The tragedy of batch thinking
Lean folks spend a lot of time agonizing over shrinking production batch sizes, but transportation batches can be equally uneconomical – sometimes even more so. Last week an Australian forklift operator dropped a container. When it was opened up to survey the damage, "It was like a murder scene. There was red everywhere." 461 out of 462 cases of $200 dollar a bottle Mollydooker wine were smashed – a million bucks worth. "The accident has crippled Mollydooker's U.S. launch in September. It will also impact the wine market in Australia." Shoulda gone with one piece flow.
How do you really feel, JIm?
Ford sales exec Jim Farley was asked how he felt about GM by the author of an upcoming book on the auto bailout of a few years back.

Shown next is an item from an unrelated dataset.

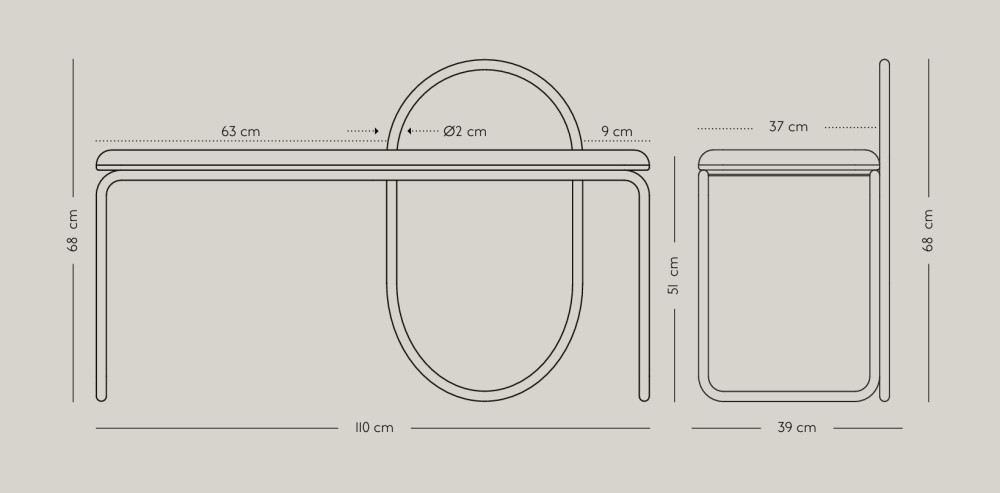 Mitat: leveys 110, syvyys 39 ja korkeus 68 cm

Said Farley, "F*** GM. I hate them and their company and what they stand for." You have to respect a guy who gives a straight answer to a simple question.
Time to stop the 3 martini lunches at the Chamber
The US Chamber of Commerce is crusading with Congress to clarify the Foreign Corrupt Practices Act. "The Lindsey case and others like it have brought attention to the need to reform an outdated law that many believe is hurting American businesses’ ability to compete fairly in the global market," wrote Lisa Rickard of the Chamber's Institute for Legal Reform.

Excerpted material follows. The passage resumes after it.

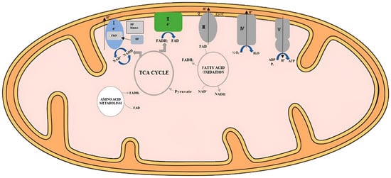 Schematic diagram of flavocoenzymes in mitochondrial energy metabolism (Balasubramaniam et al. [28]). “The OXPHOS system is a 5-enzyme complex which encompasses the mitochondrial respiratory chain (Complexes I-IV), Complex V, and two mobile electron shuttles (coenzyme Q10 and cytochrome c). Electrons derived from oxidation of pyruvate mediated by pyruvate dehydrogenase (PDH) and fatty acid oxidation are transferred via NADH to Complex I (FMN-dependent NADH-ubiquinone oxidoreductase), while electrons from succinate in the Krebs cycle, amino acid metabolism, and fatty acid oxidation are transferred to Complex II (FAD-dependent succinate-ubiquinone oxidoreductase) via FADH2. Electrons are subsequently transferred to ubiquinone (Coenzyme Q10) and then to Complex III (reduced CoQ-cytochrome c reductase), and via cytochrome c to cytochrome c oxidase (COX) (Complex IV), the terminal oxidase of the RC before finally reducing molecular oxygen to water. The free energy liberated during this sequential electron transfer is used to generate an electrochemical gradient of protons, which is finally used by Complex V (ATP synthase or F1F0 ATPase) to drive ATP synthesis from ADP and inorganic phosphate. RF: Riboflavin; RF kinase: riboflavin kinase; Q: Coenzyme Q10; CytC: cytochrome c oxidase; FMN: flavin mononucleotide; FAD: flavin adenine dinucleotide”.

You have all heard of cases where matters of ethics are black and white, with a vast gray area in between. Well, this isn't one of them.

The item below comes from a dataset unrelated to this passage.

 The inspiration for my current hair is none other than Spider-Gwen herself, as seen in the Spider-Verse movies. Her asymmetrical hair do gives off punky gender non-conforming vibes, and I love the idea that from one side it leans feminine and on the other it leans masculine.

A couple of Lindsey executives are quite likely on their way to federal prison, having been convicted of bribing the executives of a Mexican utility company. "Among the sweeteners: a $297,500 Ferrari Spyder sports car, bought in 2007 at a dealership in Beverly Hills, Calif., and a $1.8 million yacht named Dream Seeker, paid for in part with money wired from a Swiss bank account."
The Chamber's argument: How were the execs at Lindsey supposed to know that anyone could possibly contrue using intermediaries and Swiss bank accounts to give yachts and Ferraris to quasi-government utility employees to get them to buy their products to be a bribe? My esteem for the Chamber has dropped substantially if their members really need their dues to fund a legal effort to clear this question up in order to be competitive.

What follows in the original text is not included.